Nous avons pu aussi recevoir, pour nous et pour notre chère famille, la
bénédiction du Saint Père, en audience publique d'abord, puis deux fois sur la
place St Pierre (la grande bénédiction urbi et orbi,
à plus de cent mille personnes assemblées.)
Enfin, lundi dernier, nous avons eu une audience particulière du vénéré Pie IX.
Il a daigné nous permettre de l'entretenir de notre petite Congrégation et de
ses œuvres. Nous avons baisé son anneau et nous avons reçu sa bénédiction toute
spéciale.
Après cela, il semble que notre mission est accomplie et que nous pourrions
chanter le Nunc dimittis servum tuum, Domine, comme le vieillard Siméon;
mais il nous reste à suivre l'affaire de nos Constitutions; elle est déjà en
bonne position; notre règle, avec les lettres des Evêques qui nous
recommandent, sont entre les mains du Cardinal Préfet de la Sacrée Congrégation;
beaucoup de personnes haut placées ici ont pris la chose à cœur et nous appuient
avec une bienveillance tout imméritée que nous devons certainement aux Sts
Sacrifices, prières et communions que toute la famille offre chaque jour pour
nous.
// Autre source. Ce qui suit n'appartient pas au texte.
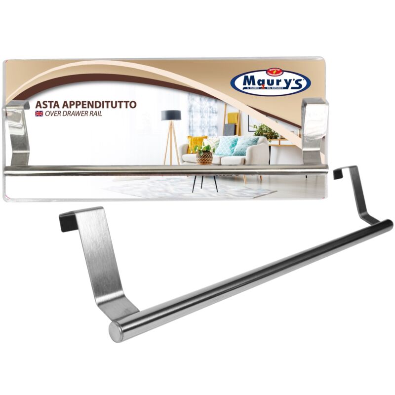 Asta appendi-tutto. marchio Maury's. Per sportelli. Ideale sia per interno mobili che per esterno mobili. Di facilissima applicazione. Cromata.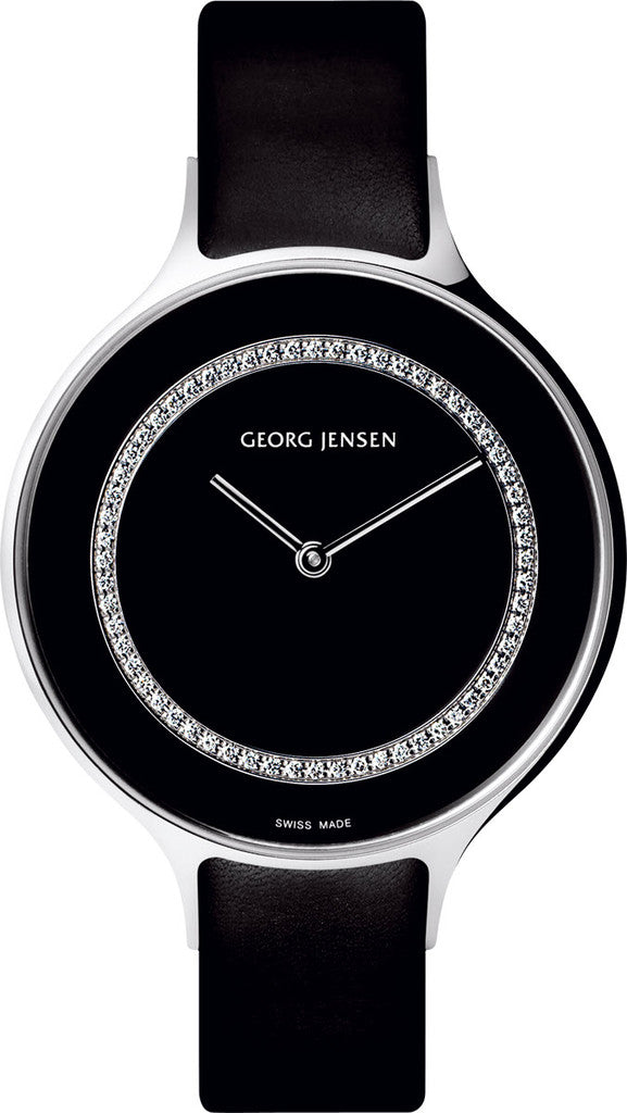 Georg Jensen Watch Concave 316. CONCAVE the dial and case are completely integrated into one form CONCAVE watches celebrate subtle shaping With a black calfskin strap and black watch face adorned with a single row of sixty brilliant diamonds one for each minute the CONCAVE watch is a dramatic presence. The dial and the watch case are fused seamlessly into a single concave form. Upon close inspection, every element of this timepiece is concave from the crystal to its hands, each part follows the subtle sloping architecture that inspired CONCAVES design. Darkly sensual, delicately built.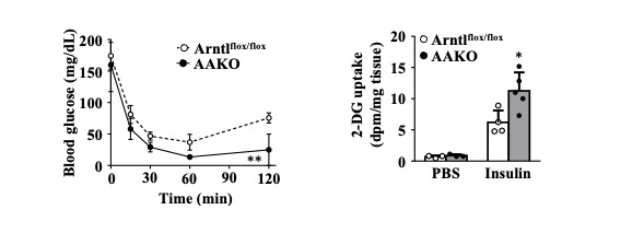 脂肪細胞は、膵臓から分泌されるインスリンの働きにより⾎液からグルコースを取り込み、細胞内で脂肪に変換(代謝)して蓄積します。すなわち、インスリン量やインスリンの効き⽅が良いとより脂肪を溜めこみ、細胞が肥⼤化します。予備的検討によりAAKO マウスとArntlflox/flox マウスの間でインスリン量に違いがないことを確認しています。そこでインスリン感受性(効き⽅の強度)を解析しました。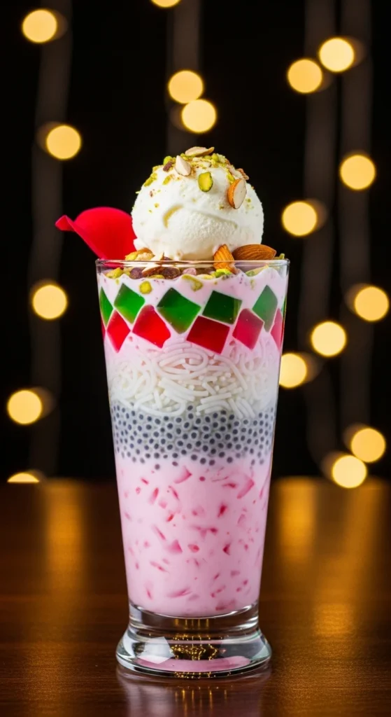 Falooda feels festive the moment it arrives at the table. The mix of rose milk, vermicelli, jelly, and ice cream gives color and texture in every sip. It works as both a drink and dessert. This is a refreshing choice after a heavy meal.
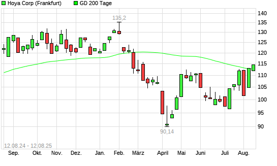 Mit dem Rücksetzer auf 111,80 EUR hat die Hoya-Aktie am 11.08.2025 die 200-Tage-Linie nach unten gekreuzt.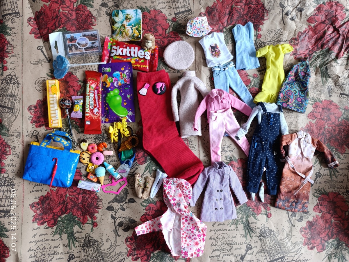 А вот такой румбокс подарила я в свою очередь. И вот пришла пора распаковки. В этот раз почта не подкинула нам сюрпризов (потому что отправляли не почтой, ахаха) и посылка дошла ко мне быстро и та что должна была. по моей просьбе автор добавила несколько кофточек сюрпризом А сам подарок был надежно запакован в коробку. Конечно же внутри сладости. И милая открытка. Куча мелочей для кукол в отдельной коробочке. Носки, они были темой обмена. И кукольный вариант. И, конечно, сама одежда. Мне больше всего в этом наборе приглянулись плащи, джинсы и розовый комплект. Ну и конечно, если написано, что набор на стандартную барби, я натяну вещи на кого угодно, кроме стандартных. Все хорошо село, разве что плащ на свитер высокой получился тесноват. Но у нее и бедра и плечи похоже шир

Bénissons donc le Seigneur qui nous a visiblement protégés et ne nous
lassons pas de l'invoquer; toute notre force est là.
Malheureusement, quelques vacances que prennent à Pâques les administrations
ecclésiastiques et les apprêts de la fête de la cinquantaine sacerdotale de Pie
IX vont retarder sensiblement la marche de notre affaire qui, d'ailleurs, n'est
pas seule de son espèce à l'examen; mais nous avons l'espérance fondée que si
nous n'obtenons pas, nous présents, la conclusion, nous la laisserons néanmoins
assez avancée pour avoir bon espoir de son succès.
J'aurais bien des détails intéressants à ajouter encore ici sur les
particularités de notre séjour à Rome, mais le temps ou les forces me manquent;
depuis quelques jours, j'éprouve une fatigue assez grande pour être obligé au
repos. Je pense que ce malaise n'aura point de durée.
Adieu, mon bien bon ami; c'est une grande consolation pour moi de penser que
j'aurai pu, en terminant ma carrière, appeler aux pieds des Sts
Apôtres et du Souverain Pontife de précieuses et certainement efficaces
bénédictions sur la petite famille religieuse à laquelle j'ai voué mes plus
tendres affections.
Votre tout dévoué ami et Père en N.S.
Le Prevost
Un malaise sans gravité, je pense, m'oblige à recourir à M. de Varax qui me
sert complaisamment de secrétaire.
Cher Monsieur d'Arbois,
J'ajoute un mot, de mon côté, à la lettre du Père Général, pour vous dire que
je suis de moitié dans les prières et Sts sacrifices offerts ici
pour nos œuvres. Ce matin, j'ai baisé les murs de la maison qu'habitait St
Paul quand il écrivit ses Epîtres aux Hébreux etc... J'ai lu, sur une colonne
de granit qu'on y a apportée des catacombes, ces paroles gravées: Verbum Dei
non est alligatum. Puissent-elles être notre devise, et puissions-nous ne
faire autre chose jusqu'à notre dernier soupir que de prêcher Notre Seigneur
Jésus-Christ au milieu des ouvriers.
Nous avons fait demander le Samedi Saint au soir au Saint Père qu'il daigne
bénir tous ceux de nos œuvres qui feraient leurs Pâques dimanche matin. Vous et
les vôtres avez reçu votre part de cette bénédiction spéciale.
Adieu, mon bon et vénéré frère; mille affectueux souvenirs à MM. Gauffriau,
Moutiers, Léon [Guichard] et à vos chers séminaristes [MM. Boiry et Cauroy].
Votre petit frère très humble en N.S.